Here are some basic problems that come to mind:

* The tracker is a SPOF and making its role in the whole operation a distributed one at some future point will be _very_ difficult. If I want to "censor" this system I just DDoS the tracker and suddenly peers can't find each other.

* The tracker is using a simple weighted graph using Dijkstra for the shortest path from A to B. This is good for the swarm resources, but bad for attack resistence. If I want to probe the network and figure out who is who then I start taking out nodes I have connected to and see how the graph re-balances itself to adjust to this disruption. Instead of making the minimum path length a fixed number it should at least include a bit of randomness in the path length to increase the time it will take an attacker to completely map out the network in this fashion.

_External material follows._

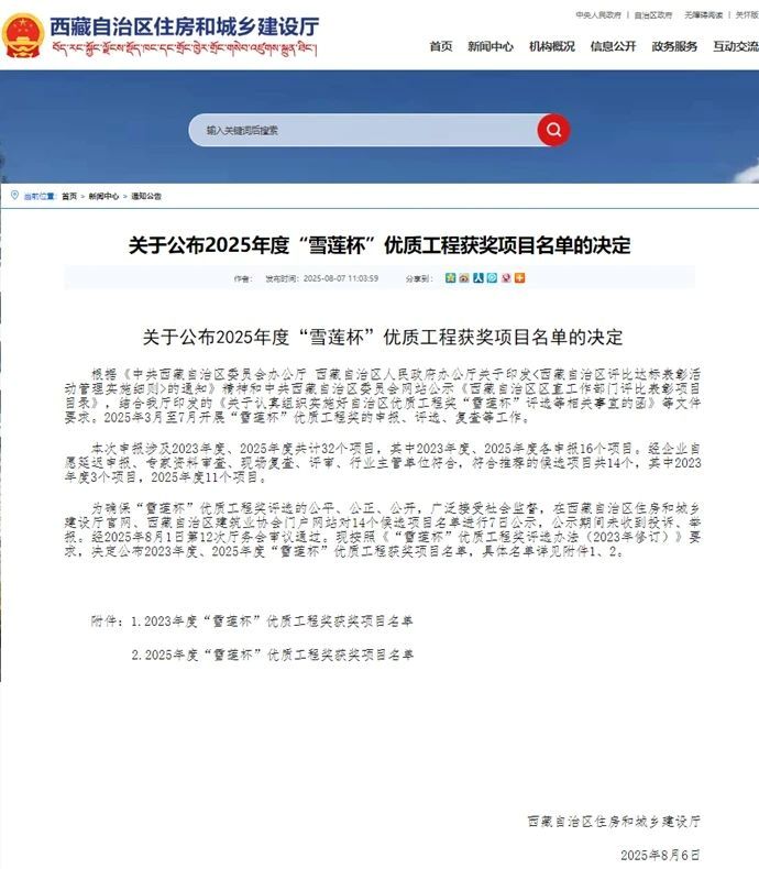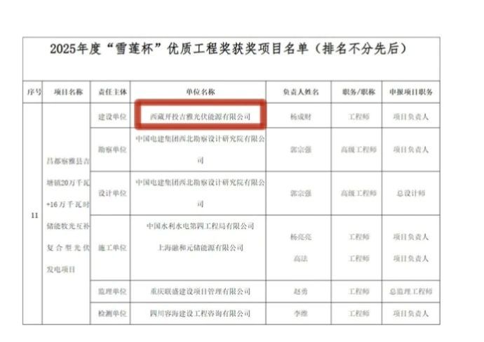 8月7日,西藏自治區(qū)住房和城鄉(xiāng)建設(shè)廳公布2025年度“雪蓮杯”優(yōu)質(zhì)工程獲獎項目名單,由西藏開投吉雅光伏公司投資建設(shè)的昌都察雅縣吉塘鎮(zhèn)20萬千瓦+16萬千瓦時儲能牧光互補(bǔ)復(fù)合型光伏發(fā)電項目榮獲該獎項。

* The pipes are still not fixed bandwidth and always full. There is no cover traffic here, so in addition to the node by node mapping probe described previously a sufficiently powerful adversary can still black-box large chunks of the network and trivially match up the flows among nodes. Since the relaying has no delay at all this task is made significantly easier. When it comes to anonymity protocols you can trade bandwidth for security (full pipes with a chaffing/winnowing approach to pick real messages out of the cover traffic) or you can trade time for security (packet delay and re-ordering at relay nodes makes large-scale analysis harder), but you have to at least pick one.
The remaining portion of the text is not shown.